Exercise requirements | Transcribe the tail of the listing: start at the line containing "创建仙盟角色达到40级、建立" and stop after the last line, keeping every character as is and adding nothing.
== == ==
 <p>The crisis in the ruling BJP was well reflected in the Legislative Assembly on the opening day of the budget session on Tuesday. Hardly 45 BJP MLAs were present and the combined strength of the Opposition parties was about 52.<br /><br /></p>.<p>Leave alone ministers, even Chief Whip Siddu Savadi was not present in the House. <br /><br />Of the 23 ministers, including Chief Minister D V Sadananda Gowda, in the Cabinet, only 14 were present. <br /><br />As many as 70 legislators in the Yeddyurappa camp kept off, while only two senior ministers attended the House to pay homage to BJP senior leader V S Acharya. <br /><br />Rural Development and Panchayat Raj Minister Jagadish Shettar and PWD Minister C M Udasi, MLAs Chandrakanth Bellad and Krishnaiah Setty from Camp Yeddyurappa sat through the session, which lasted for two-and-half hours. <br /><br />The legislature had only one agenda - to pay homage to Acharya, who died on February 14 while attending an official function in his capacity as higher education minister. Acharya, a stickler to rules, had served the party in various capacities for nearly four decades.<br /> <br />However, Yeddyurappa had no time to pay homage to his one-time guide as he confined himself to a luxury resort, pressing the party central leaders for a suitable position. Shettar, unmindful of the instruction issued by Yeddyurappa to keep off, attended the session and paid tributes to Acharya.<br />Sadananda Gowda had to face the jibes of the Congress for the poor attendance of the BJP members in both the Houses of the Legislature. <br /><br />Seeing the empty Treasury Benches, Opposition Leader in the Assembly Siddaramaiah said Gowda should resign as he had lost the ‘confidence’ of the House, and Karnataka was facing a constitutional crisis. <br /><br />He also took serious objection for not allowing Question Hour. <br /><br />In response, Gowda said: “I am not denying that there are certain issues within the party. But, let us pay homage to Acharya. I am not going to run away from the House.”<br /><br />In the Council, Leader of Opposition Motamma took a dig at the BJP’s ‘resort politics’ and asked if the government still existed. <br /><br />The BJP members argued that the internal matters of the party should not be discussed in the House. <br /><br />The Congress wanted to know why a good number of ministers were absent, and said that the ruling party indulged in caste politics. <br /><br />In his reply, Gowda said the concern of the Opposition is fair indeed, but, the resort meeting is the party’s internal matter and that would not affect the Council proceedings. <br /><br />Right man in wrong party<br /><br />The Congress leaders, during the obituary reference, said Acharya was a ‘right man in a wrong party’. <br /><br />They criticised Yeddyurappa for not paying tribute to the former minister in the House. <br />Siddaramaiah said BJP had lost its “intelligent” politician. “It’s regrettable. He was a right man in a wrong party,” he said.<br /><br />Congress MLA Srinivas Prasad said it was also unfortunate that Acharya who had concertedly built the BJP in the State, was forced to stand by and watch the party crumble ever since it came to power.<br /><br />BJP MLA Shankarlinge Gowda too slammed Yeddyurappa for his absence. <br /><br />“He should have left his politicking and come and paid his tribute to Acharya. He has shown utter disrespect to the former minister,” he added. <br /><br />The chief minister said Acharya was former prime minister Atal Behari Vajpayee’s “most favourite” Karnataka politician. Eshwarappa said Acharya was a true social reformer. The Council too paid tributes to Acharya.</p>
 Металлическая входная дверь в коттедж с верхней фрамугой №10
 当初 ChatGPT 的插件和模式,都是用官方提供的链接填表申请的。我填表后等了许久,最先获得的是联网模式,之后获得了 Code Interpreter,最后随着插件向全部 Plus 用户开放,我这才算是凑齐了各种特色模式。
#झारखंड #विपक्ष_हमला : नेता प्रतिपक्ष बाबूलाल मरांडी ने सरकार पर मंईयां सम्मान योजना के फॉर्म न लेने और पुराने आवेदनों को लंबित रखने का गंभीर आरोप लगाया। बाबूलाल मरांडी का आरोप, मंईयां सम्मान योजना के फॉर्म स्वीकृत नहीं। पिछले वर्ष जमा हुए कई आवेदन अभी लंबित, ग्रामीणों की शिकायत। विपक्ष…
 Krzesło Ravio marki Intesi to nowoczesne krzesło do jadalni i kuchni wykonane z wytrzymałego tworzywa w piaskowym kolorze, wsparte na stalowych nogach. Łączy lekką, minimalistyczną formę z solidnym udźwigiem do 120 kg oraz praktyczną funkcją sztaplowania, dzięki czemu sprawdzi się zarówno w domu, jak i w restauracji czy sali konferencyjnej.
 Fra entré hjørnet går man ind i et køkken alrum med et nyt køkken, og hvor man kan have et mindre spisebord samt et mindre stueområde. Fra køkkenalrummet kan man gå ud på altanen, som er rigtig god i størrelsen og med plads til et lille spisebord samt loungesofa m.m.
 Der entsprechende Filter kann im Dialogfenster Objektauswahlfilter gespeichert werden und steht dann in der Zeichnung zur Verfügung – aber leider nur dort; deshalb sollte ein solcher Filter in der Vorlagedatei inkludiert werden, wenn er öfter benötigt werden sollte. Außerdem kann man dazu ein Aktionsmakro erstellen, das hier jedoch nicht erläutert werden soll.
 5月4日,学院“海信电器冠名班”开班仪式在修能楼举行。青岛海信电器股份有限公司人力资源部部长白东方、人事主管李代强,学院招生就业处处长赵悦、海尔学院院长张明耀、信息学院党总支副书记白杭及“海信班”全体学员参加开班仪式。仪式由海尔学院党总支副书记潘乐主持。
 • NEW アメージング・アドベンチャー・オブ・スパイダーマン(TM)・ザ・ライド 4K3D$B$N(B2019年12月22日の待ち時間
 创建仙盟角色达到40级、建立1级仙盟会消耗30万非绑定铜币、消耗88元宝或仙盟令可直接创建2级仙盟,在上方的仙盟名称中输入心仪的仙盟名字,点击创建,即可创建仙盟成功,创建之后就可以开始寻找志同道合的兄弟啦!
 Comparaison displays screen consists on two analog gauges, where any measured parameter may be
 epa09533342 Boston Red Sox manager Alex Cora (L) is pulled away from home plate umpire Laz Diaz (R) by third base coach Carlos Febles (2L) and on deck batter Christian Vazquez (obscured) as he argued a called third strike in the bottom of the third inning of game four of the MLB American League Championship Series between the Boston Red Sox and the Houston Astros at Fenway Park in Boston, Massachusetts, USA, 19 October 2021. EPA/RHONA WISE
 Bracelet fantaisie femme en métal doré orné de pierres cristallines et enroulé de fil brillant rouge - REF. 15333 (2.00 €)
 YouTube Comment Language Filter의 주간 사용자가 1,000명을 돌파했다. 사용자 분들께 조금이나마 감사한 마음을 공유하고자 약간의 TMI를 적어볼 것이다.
== == ==
Solution below |
 创建仙盟角色达到40级、建立1级仙盟会消耗30万非绑定铜币、消耗88元宝或仙盟令可直接创建2级仙盟,在上方的仙盟名称中输入心仪的仙盟名字,点击创建,即可创建仙盟成功,创建之后就可以开始寻找志同道合的兄弟啦!
 Comparaison displays screen consists on two analog gauges, where any measured parameter may be
 epa09533342 Boston Red Sox manager Alex Cora (L) is pulled away from home plate umpire Laz Diaz (R) by third base coach Carlos Febles (2L) and on deck batter Christian Vazquez (obscured) as he argued a called third strike in the bottom of the third inning of game four of the MLB American League Championship Series between the Boston Red Sox and the Houston Astros at Fenway Park in Boston, Massachusetts, USA, 19 October 2021. EPA/RHONA WISE
 Bracelet fantaisie femme en métal doré orné de pierres cristallines et enroulé de fil brillant rouge - REF. 15333 (2.00 €)
 YouTube Comment Language Filter의 주간 사용자가 1,000명을 돌파했다. 사용자 분들께 조금이나마 감사한 마음을 공유하고자 약간의 TMI를 적어볼 것이다.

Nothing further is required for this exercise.